Ferrara Scalfari stia attento, il Papa gesuita dissimula meglio di lui
“Ma ora, ohimè, la virtù di Cristo è accusata di impotenza poiché l’ambizione si unisce al suo nome” (Ilario di Poitiers)
Questo articolo non parla di Papa Francesco. Bisognerebbe saperne una più del diavolo sul discernimento e la coscienza, sulla povertà, sui sinodi e il magistero, sull’estetica del bagaglio a mano. Questo articolo non parla di Papa Francesco, se non altro perché inizia qualche secolo prima. E’ stato Agostino nella “Città di Dio”, di fronte al Sacco di Roma del 410 e alle accuse dei pagani – ma come, abbiamo pregato il vostro Dio, e questo è il risultato? – a fissare il punto decisivo: nessuna città terrena potrà mai essere la realizzazione della Città di Dio. Due amori differenti le convocano, l’amore di sé e dei beni materiali raduna i cittadini nella Civitas terrena, la Grazia raduna gli uomini in quella di Dio. Ma le due città non sono sovrapponibili, né divisibili con un colpo di spada o di legge, fino alla fine vivranno “permixtae”, mescolate, inseparabili. Così, dice Agostino, anche la legge civile, che pure deve ispirarsi a quella divina, non deve necessariamente coincidere con essa. E’ lo “status naturae lapsae” dell’uomo a impedire ogni teologia politica: la Civitas Dei è frutto della Grazia, ma Dio concede di prosperare anche all’altra, per quanto imperfetta. E la Città di Dio lascia spazio a tutti, a tutte le fedi.
Questo immagina e scrive Agostino nel Quinto secolo, quando già l’impero s’era fatto cristiano. A dire la verità, la faccenda inizia anche prima. Inizia quando Gesù risponde a Pilato: “Il mio regno non è di questo mondo”. E quello, interprete secondo giustizia della religione di stato, per la quale Roma è dio e dio è Roma, rimane interdetto, spiazzato. E non può far altro che lasciarlo ammazzare. Da allora prosegue la diatriba. Da Eusebio di Cesarea a Carl Schmitt, una corrente di pensiero ha sempre ribattuto che, seppure la chiesa di Cristo non è di questo mondo, vive pur sempre in questo mondo.

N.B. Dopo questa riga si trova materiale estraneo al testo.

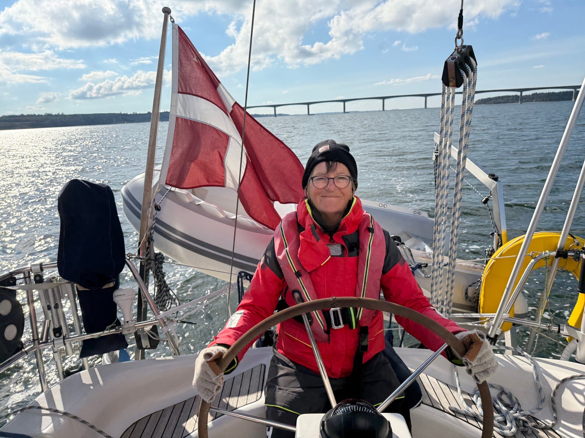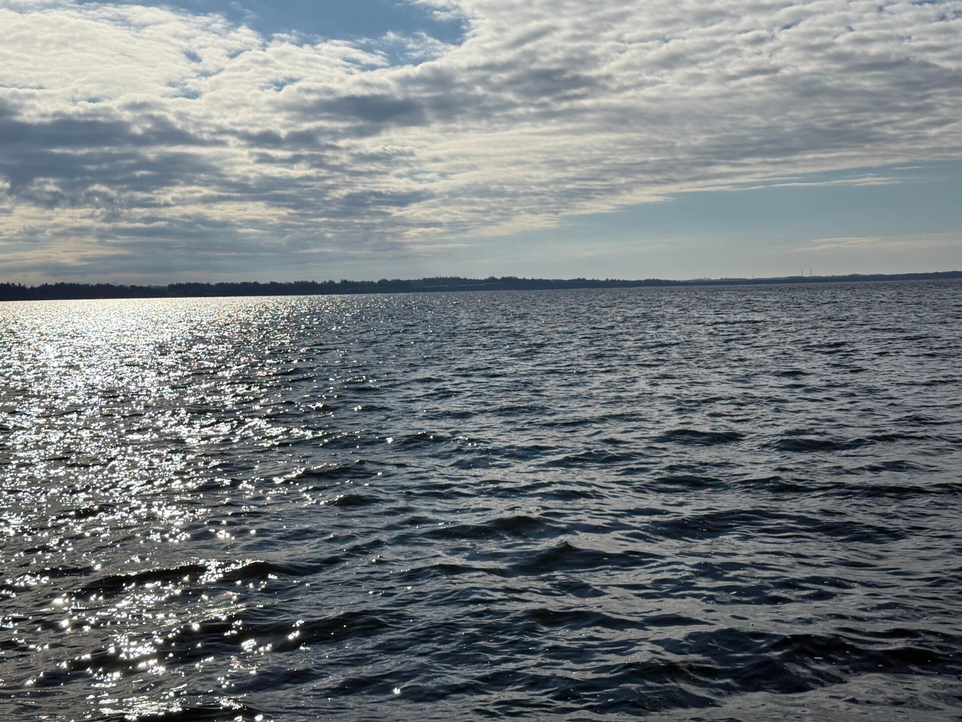 Lidt over otte kastede vi fortøjringerne, og en let vind hjalp os elegant rundt i havnen. Storsejlet kom hurtigt op, og vi satte kursen mod Venø Bugt – i første omgang med både sejl og motor. Da vi havde passeret Venøfærgen og var kommet ind i bugten, rullede vi forsejlet ud og standsede motoren. Vinden var som skabt til os, og båden gled perfekt fremad i solskinnet.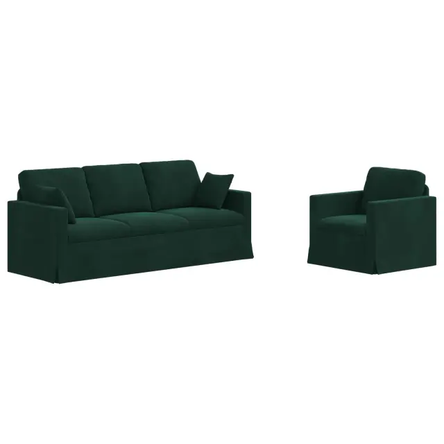 vidaXL Kavč 2 pcs Temno zelena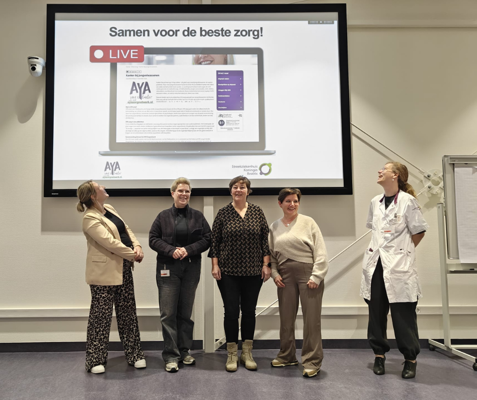 Het AYA-team van het SKB werkt samen met het Radboudumc en is onderdeel van het Nationaal AYA ‘Jong & Kanker’ Zorgnetwerk. Binnen dit netwerk worden AYA-zorgverleners ondersteund en geschoold, wordt wetenschappelijk onderzoek gedaan naar kanker bij jongvolwassenen en expertise gedeeld. Zo blijft alle kennis en kunde over kanker op jongere leeftijd steeds actueel. Het AYA Zorgnetwerk is opgebouwd uit zes regionale zorgnetwerken waardoor AYA-zorg bij iedere jongvolwassen kankerpatiënt zo dichtbij als mogelijk voor handen is. Het zorgnetwerk groeit omdat steeds meer ziekenhuizen en professionals uit de eerste lijn aansluiten. Samen gaan we uit van het principe: ‘Zorg, dichtbij huis als het kan, verder weg in een AYA-centrum als het moet.”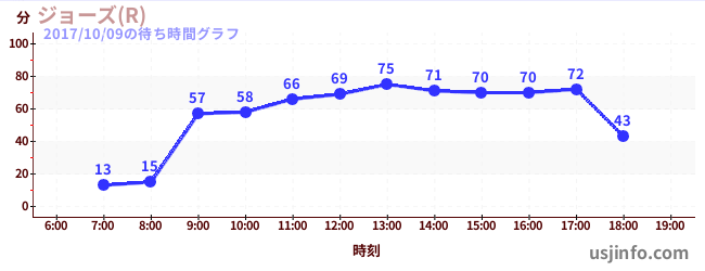 • ジョーズ(R)$B$N(B2017年10月09日の待ち時間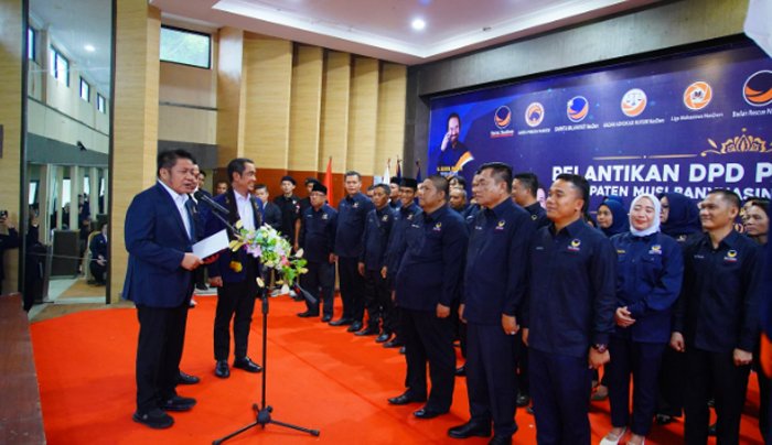 Pelantikan Pengurus DPD Nasdem Muba ini dilakukan oleh Ketua Dewan Pimpinan Wilayah (DPW) Partai NasDem Provinsi Sumatera Selatan, yang juga Gubernur Sumsel, Dr H Herman Deru, di Gedung Dharma Wanita Sekayu, Minggu (28/9/2025).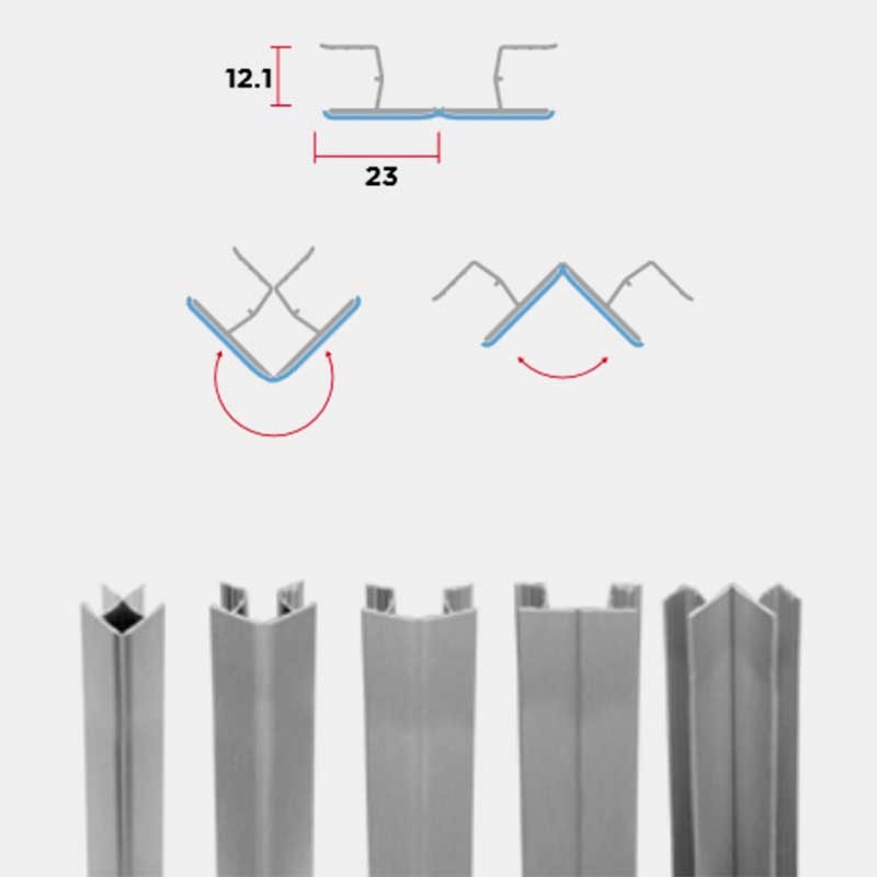 Angle flexible variable de 10 ou 15 cm de hauteur pour plinthe en PVC fabriquée dans ce même matériau avec feuille d'aluminium finition or.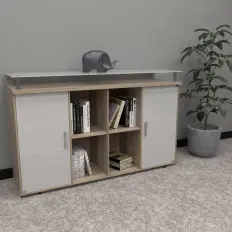 Gaveteiro volante de 5 gavetas com chave com sistema de travamento simultâneo das gavetas, com puxador lateral, tampo confeccionado em MDP de 25 mm e corpo confeccionado em MDP de 18 mm.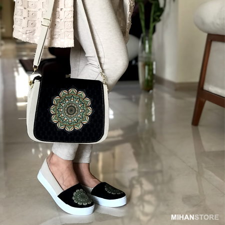 فرهنگ و تمدن هر کشوری نشان دهنده اصالت و قدمت آن است. امروزه مردم کشورهای غربی با چنگ و دندان پاسدار فرهنگ نه چندان قدمتدار خود هستند آنجا که ایران ما دارنده فرهنگی عمیق پر از نقش و نگار و خصوصیات اخلاقی ویژه است. این ست کیف و کفش علاوه بر جادار بودن کیف، و کفش فوق العاده راحت دارای نقش و نگاری است که برگرفته از فرهنگ ایرانی است. زیبایی این طرح نه تنها در ایران بلکه در تمام دنیا مورد پسند همگان است و زیبایی و جذابیت خاصی دارد که تحسین همگان را بر می انگیزد. کفش این ست در سایزبندی 37 الی 40 عرضه شده است که هنگام تکمیل فرم سفارش می توانید سایز مورد نظر را انتخاب کنید.

E dunque è giusto che provi a imporre le sue regole, anche con i mezzi di questo mondo. Il punto però resta: la “critica della teologia politica”, intesa come presa di distanza dall’abuso del potere in nome di Dio. Come spiegava Joseph Ratzinger in “Chiesa, ecumenismo e politica”, 1987: “Il cristianesimo, in contrasto con le sue deformazioni, non ha fissato il messianesimo nel politico. Si è sempre invece impegnato, fin dall’inizio, a lasciare il politico nella sfera della razionalità e dell’etica. Ha insegnato l’accettazione dell’imperfetto e l’ha resa possibile. In altri termini il Nuovo Testamento conosce un ethos politico, ma nessuna teologia politica”.

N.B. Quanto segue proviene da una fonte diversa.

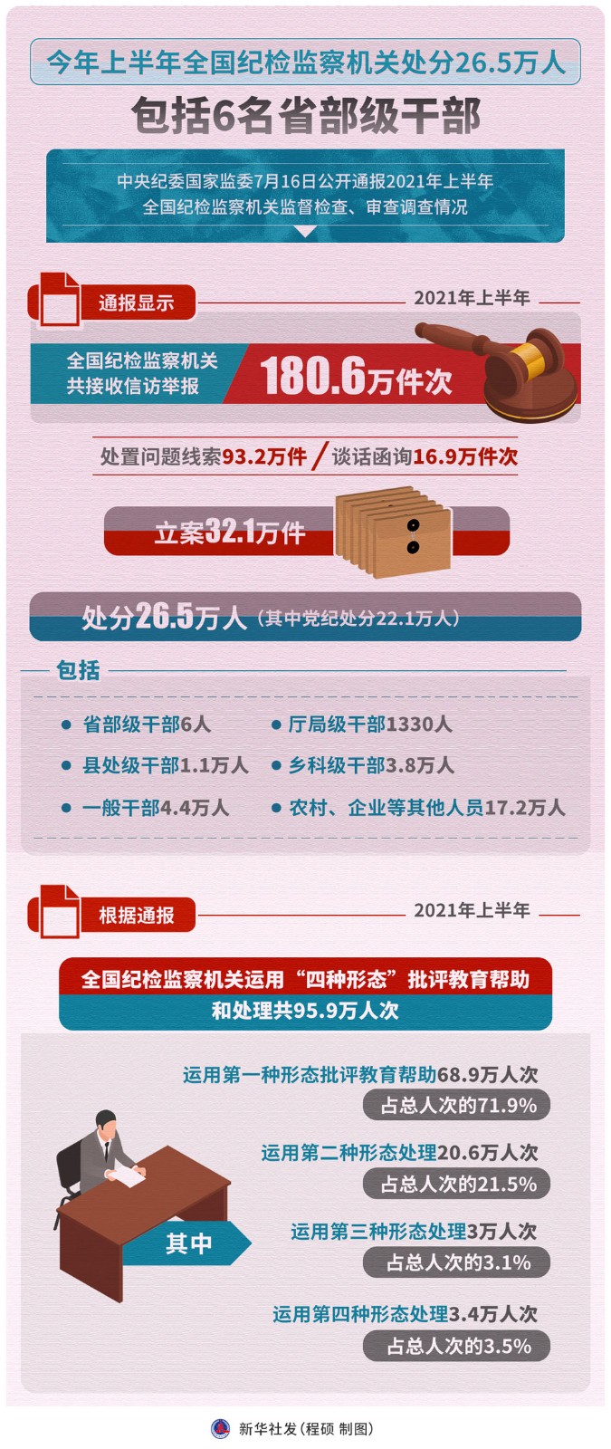 圖表:今年上半年全國紀檢監(jiān)察機關處分26.5萬人 包括6名省部級干部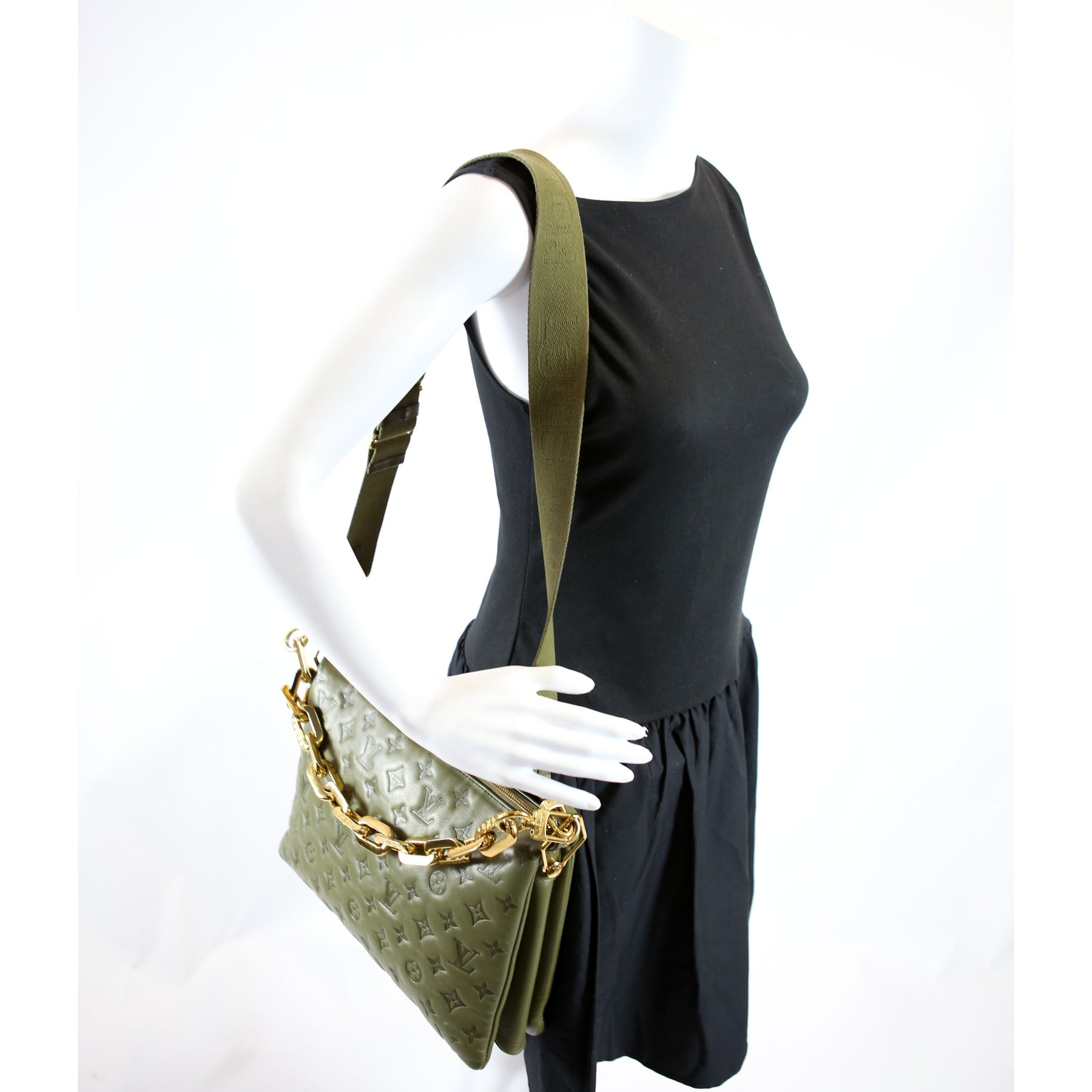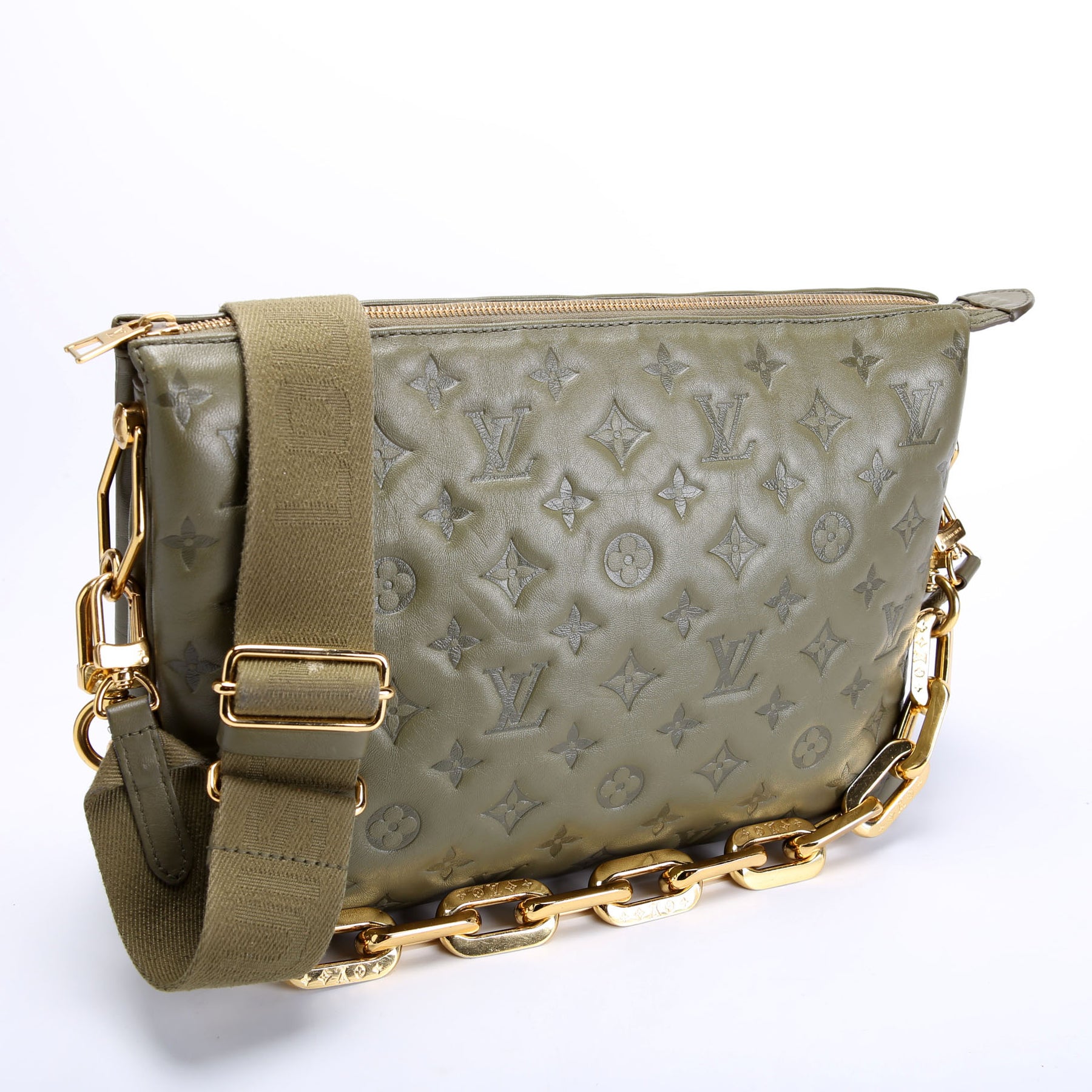 This pre-owned Louis Vuitton Coussin MM Lambskin is guaranteed 100% authentic.

Questo articolo parla della critica della teologia politica. Se si vuole, un passo indietro rispetto alla rissa verbale ed ecclesiale su quale sia il posto della chiesa nello spazio pubblico, e cosa sia negoziabile oppure no: il vero contenuto della teologia politica oggi che, almeno sul fronte occidentale, la questione non è più il Dio delle armi né manco, da un pezzo, il certificato d’esistenza in vita dei partiti cattolici. Il tema sono le condizioni entro cui la chiesa può e deve dire la sua nel dibattito pubblico, nel campo delle leggi che fissano la convivenza. Lo fa partendo da un bel libro di indubbio interesse, per il contenuto e soprattutto per la prospettiva che traccia – e per il suo necessario precipitare in media res. Si intitola “Critica della teologia politica. Da Agostino a Peterson: la fine dell’era costantiniana” (Marietti 1820, 350 pp., 28 euro). L’autore è Massimo Borghesi, professore di Filosofia morale all’Università di Perugia, già autore di un altro saggio di spessore, su temi limitrofi, “Del Noce e la legittimazione critica del moderno” (ne scrisse Tommaso Ricci sul Foglio del 26 agosto 2011). Trattasi di libro accademico, fitto di note, impegnativo. Non proprio come leggere don Camillo. Per non perdersi, serve un’inquadratura minima.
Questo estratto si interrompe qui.